Starting with the first line of the data below, copy each line up to and including the one containing "En el punto". Pictures stay out.

PROVIDED RECORDS START

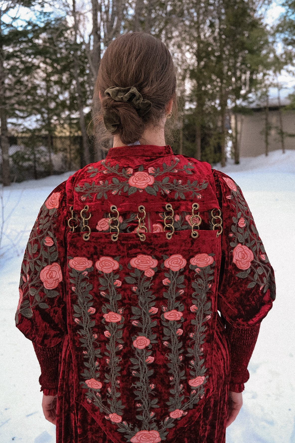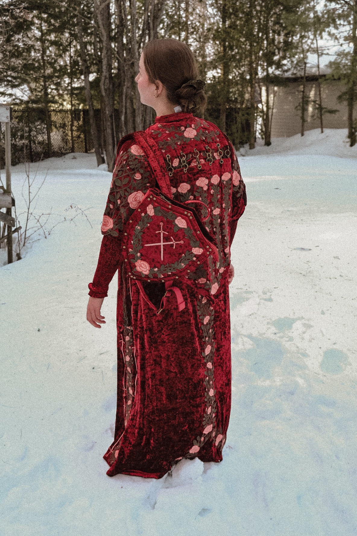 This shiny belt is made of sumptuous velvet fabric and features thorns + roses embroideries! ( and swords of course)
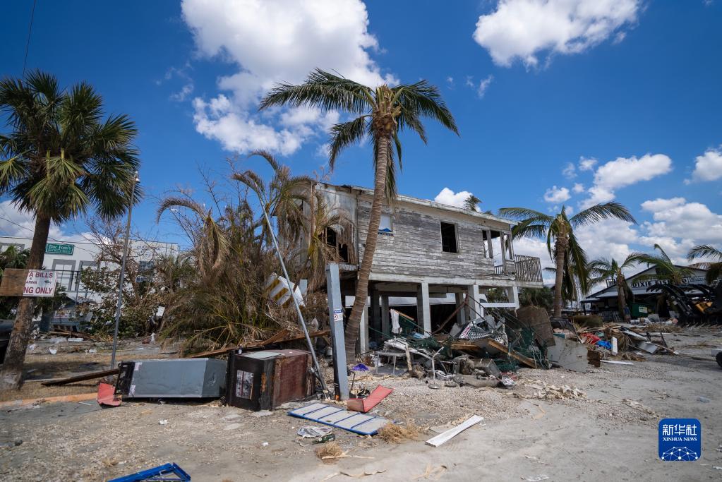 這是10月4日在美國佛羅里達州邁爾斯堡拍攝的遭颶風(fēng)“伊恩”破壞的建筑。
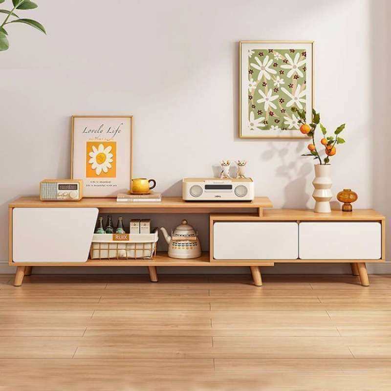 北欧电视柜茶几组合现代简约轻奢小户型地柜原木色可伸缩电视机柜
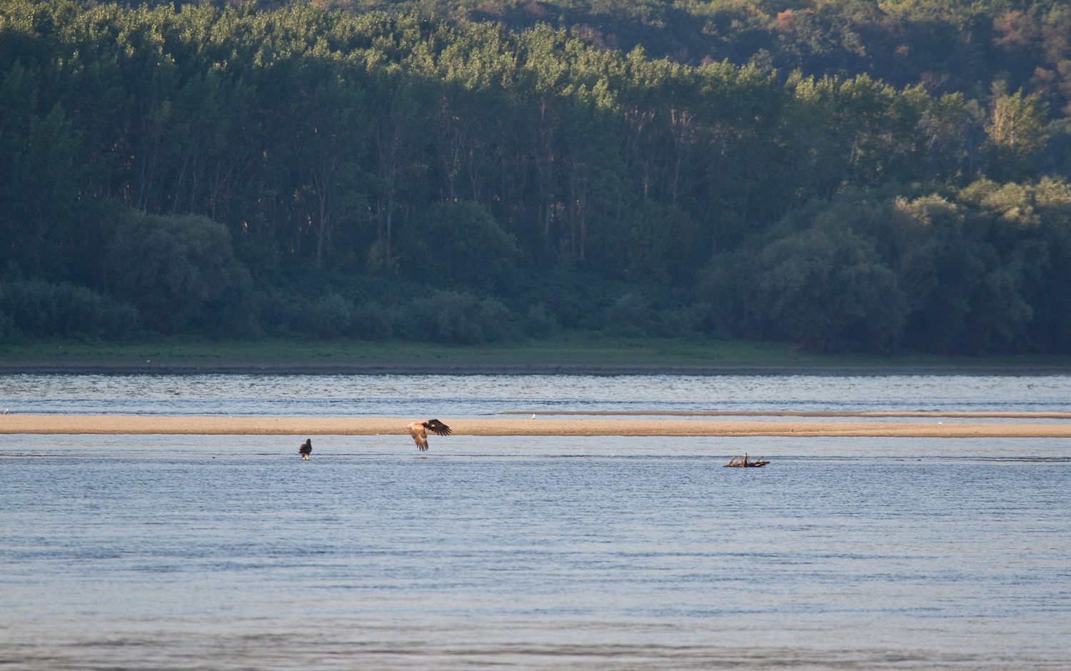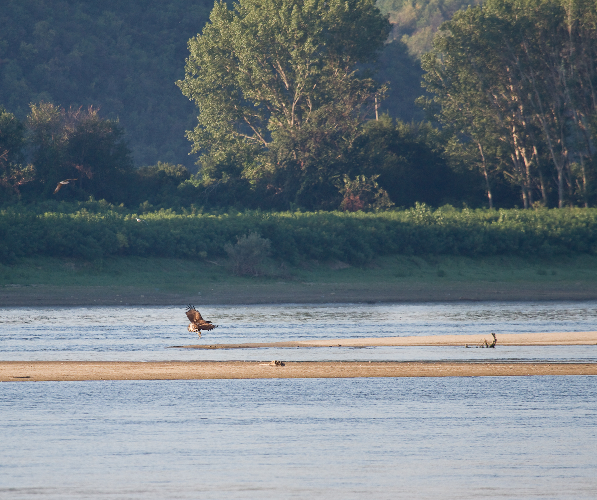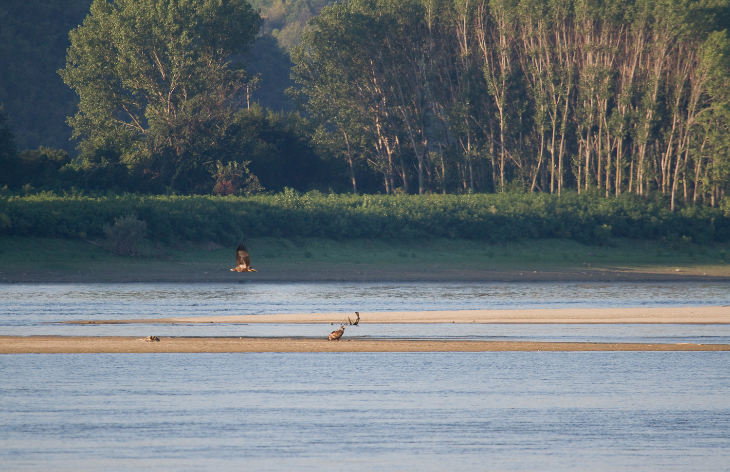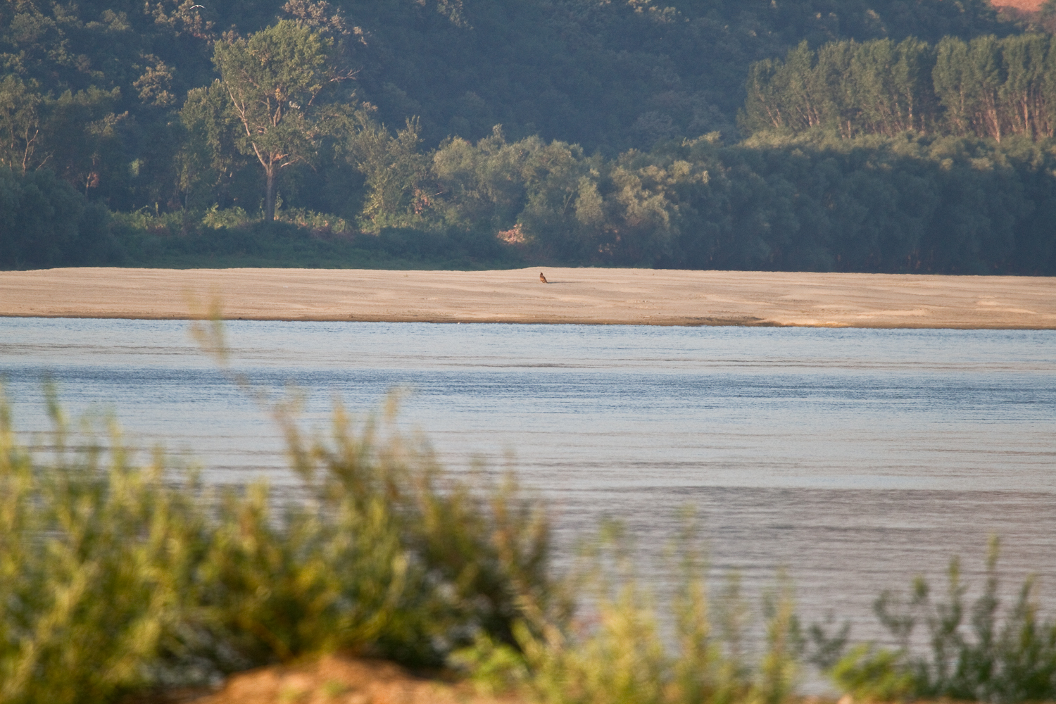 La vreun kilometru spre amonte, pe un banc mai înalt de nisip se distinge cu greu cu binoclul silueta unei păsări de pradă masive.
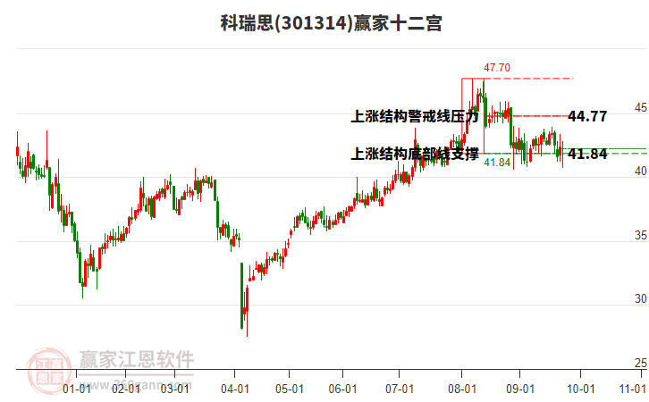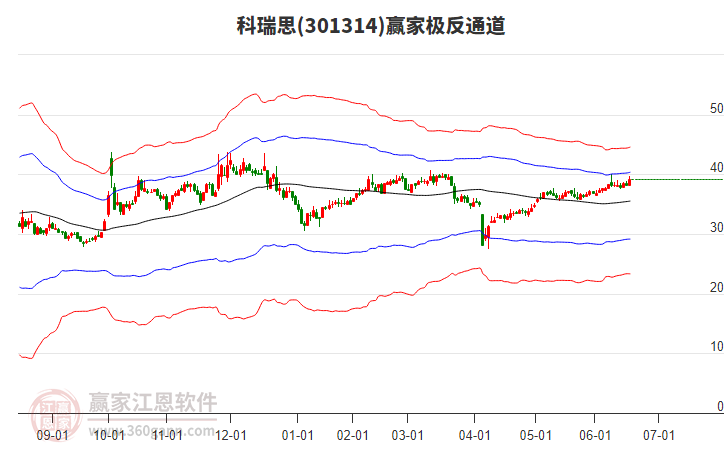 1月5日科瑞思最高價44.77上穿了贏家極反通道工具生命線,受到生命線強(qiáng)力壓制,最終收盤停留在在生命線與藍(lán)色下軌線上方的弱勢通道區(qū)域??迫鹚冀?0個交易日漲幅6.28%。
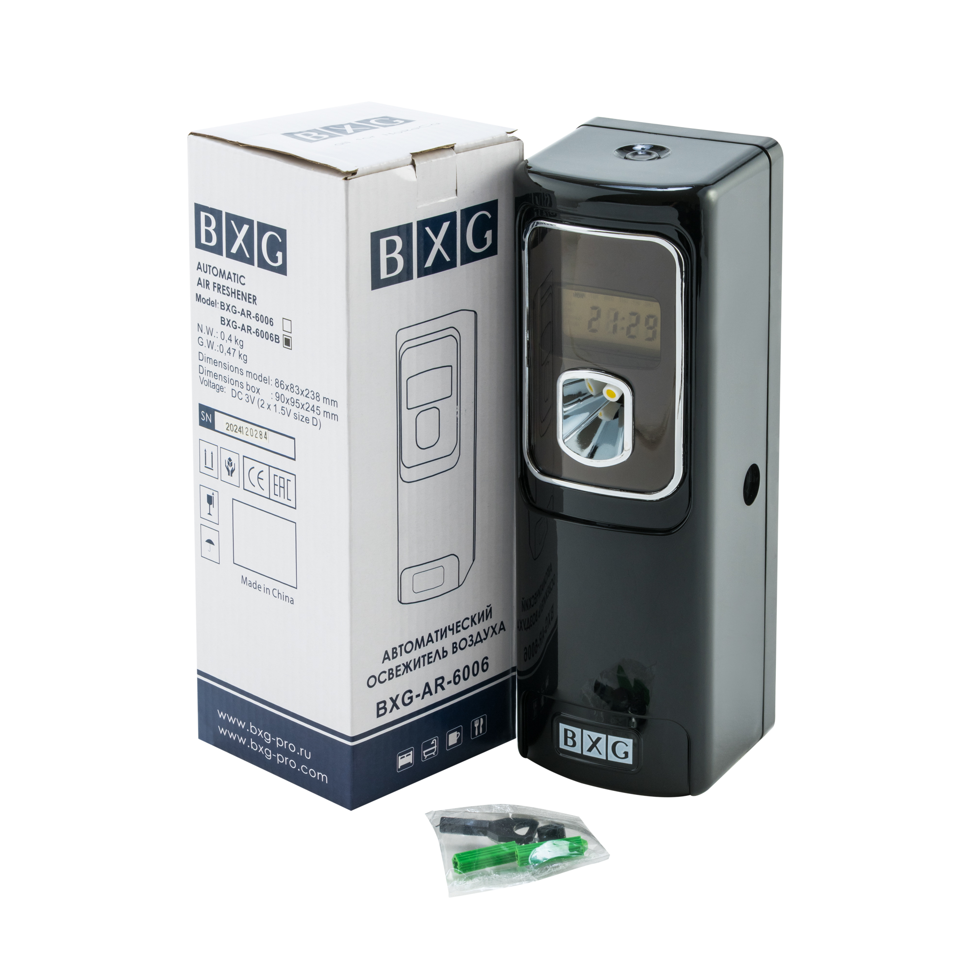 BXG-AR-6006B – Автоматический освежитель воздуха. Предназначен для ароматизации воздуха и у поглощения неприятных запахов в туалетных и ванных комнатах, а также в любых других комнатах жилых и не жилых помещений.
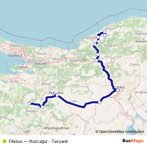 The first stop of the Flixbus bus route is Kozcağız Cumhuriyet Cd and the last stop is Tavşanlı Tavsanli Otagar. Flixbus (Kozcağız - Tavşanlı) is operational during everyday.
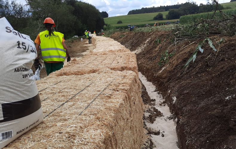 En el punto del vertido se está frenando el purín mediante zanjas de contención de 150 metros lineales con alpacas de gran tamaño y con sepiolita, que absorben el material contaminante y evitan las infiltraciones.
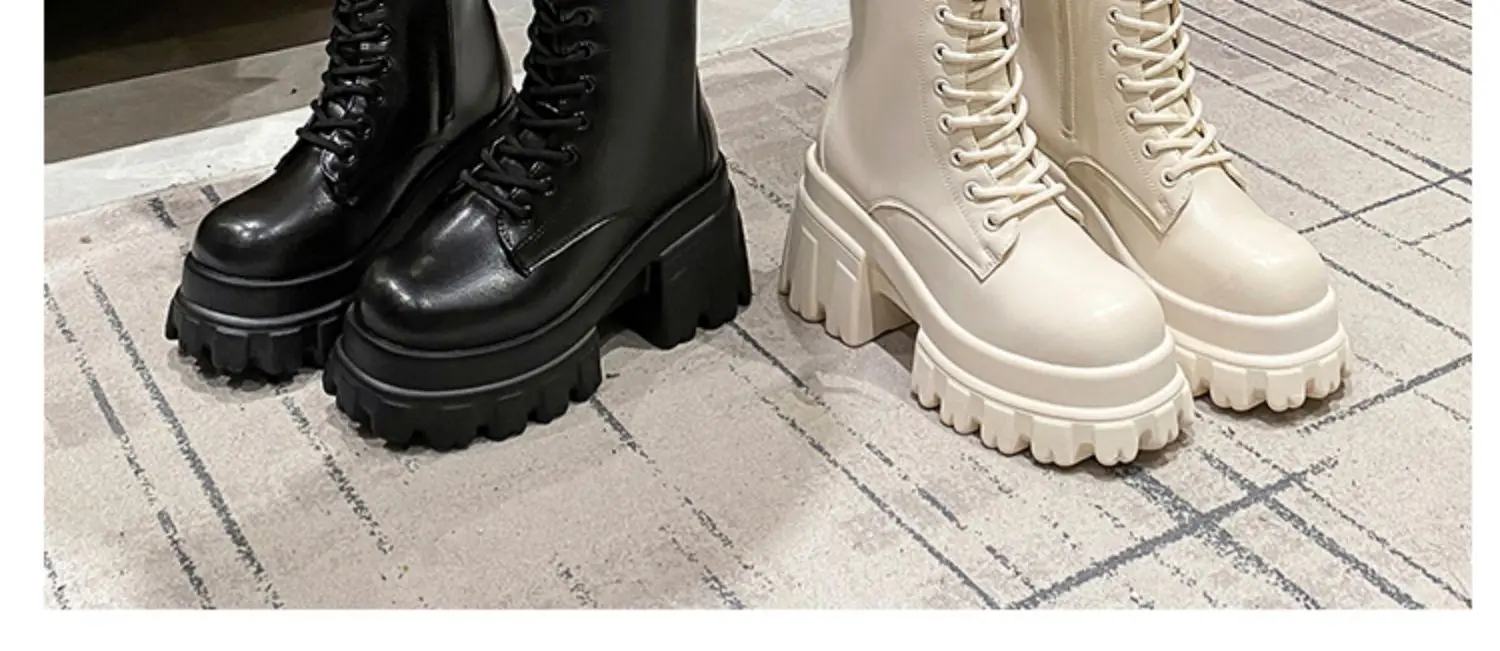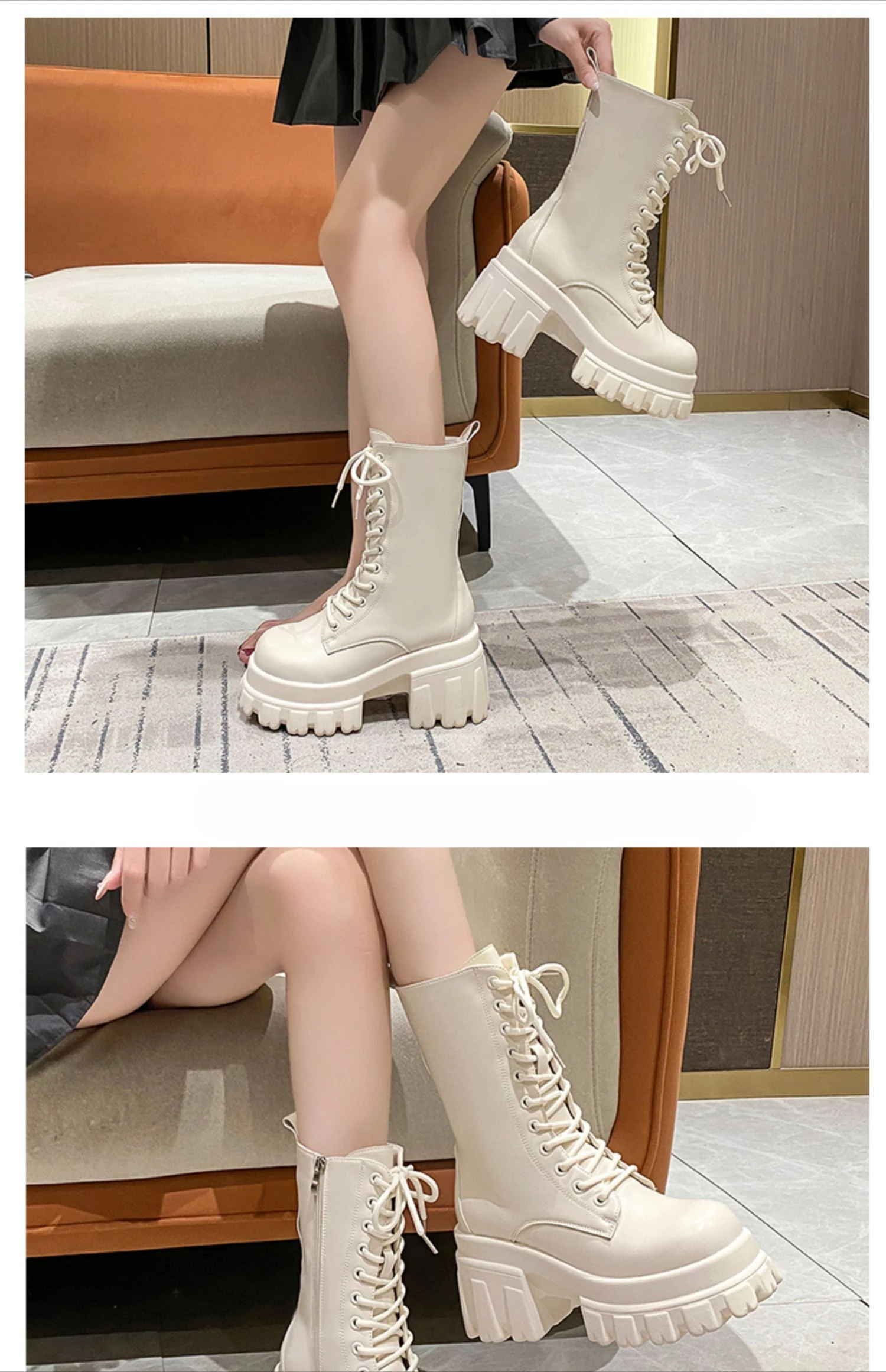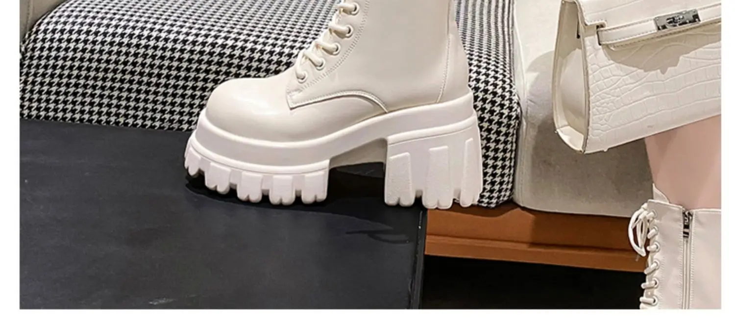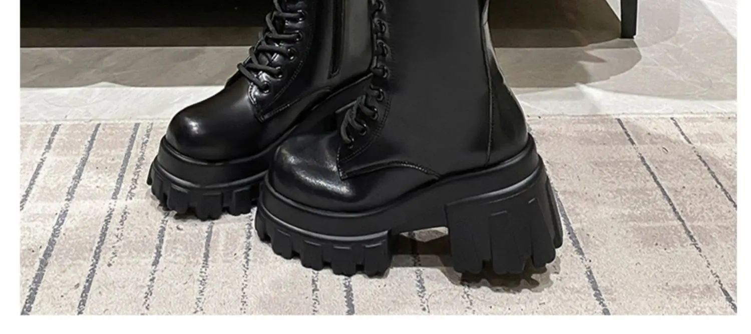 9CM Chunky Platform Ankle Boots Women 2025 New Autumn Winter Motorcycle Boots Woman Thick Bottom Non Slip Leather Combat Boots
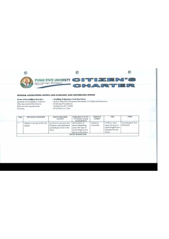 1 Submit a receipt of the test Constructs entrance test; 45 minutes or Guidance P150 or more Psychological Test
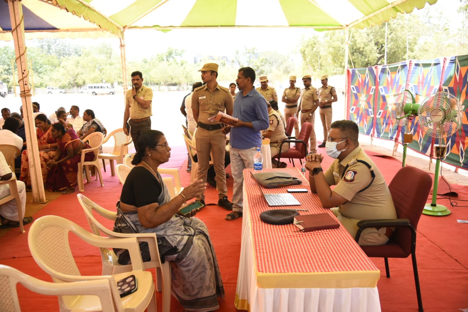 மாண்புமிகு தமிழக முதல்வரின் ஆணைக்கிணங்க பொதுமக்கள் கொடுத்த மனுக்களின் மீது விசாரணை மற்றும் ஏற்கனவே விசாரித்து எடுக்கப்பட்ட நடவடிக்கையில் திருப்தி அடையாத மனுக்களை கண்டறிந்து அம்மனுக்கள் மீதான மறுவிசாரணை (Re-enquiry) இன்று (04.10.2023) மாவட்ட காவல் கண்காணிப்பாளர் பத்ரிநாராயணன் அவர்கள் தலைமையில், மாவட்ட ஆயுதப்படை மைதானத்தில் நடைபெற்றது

PROVIDED RECORDS END

# RESULT
 This shiny belt is made of sumptuous velvet fabric and features thorns + roses embroideries! ( and swords of course)
 這是10月4日在美國佛羅里達州邁爾斯堡拍攝的遭颶風(fēng)“伊恩”破壞的建筑。
 北欧电视柜茶几组合现代简约轻奢小户型地柜原木色可伸缩电视机柜
 La vreun kilometru spre amonte, pe un banc mai înalt de nisip se distinge cu greu cu binoclul silueta unei păsări de pradă masive.
 1月5日科瑞思最高價44.77上穿了贏家極反通道工具生命線,受到生命線強(qiáng)力壓制,最終收盤停留在在生命線與藍(lán)色下軌線上方的弱勢通道區(qū)域??迫鹚冀?0個交易日漲幅6.28%。
 BXG-AR-6006B – Автоматический освежитель воздуха. Предназначен для ароматизации воздуха и у поглощения неприятных запахов в туалетных и ванных комнатах, а также в любых других комнатах жилых и не жилых помещений.
 The first stop of the Flixbus bus route is Kozcağız Cumhuriyet Cd and the last stop is Tavşanlı Tavsanli Otagar. Flixbus (Kozcağız - Tavşanlı) is operational during everyday.
 En el punto del vertido se está frenando el purín mediante zanjas de contención de 150 metros lineales con alpacas de gran tamaño y con sepiolita, que absorben el material contaminante y evitan las infiltraciones.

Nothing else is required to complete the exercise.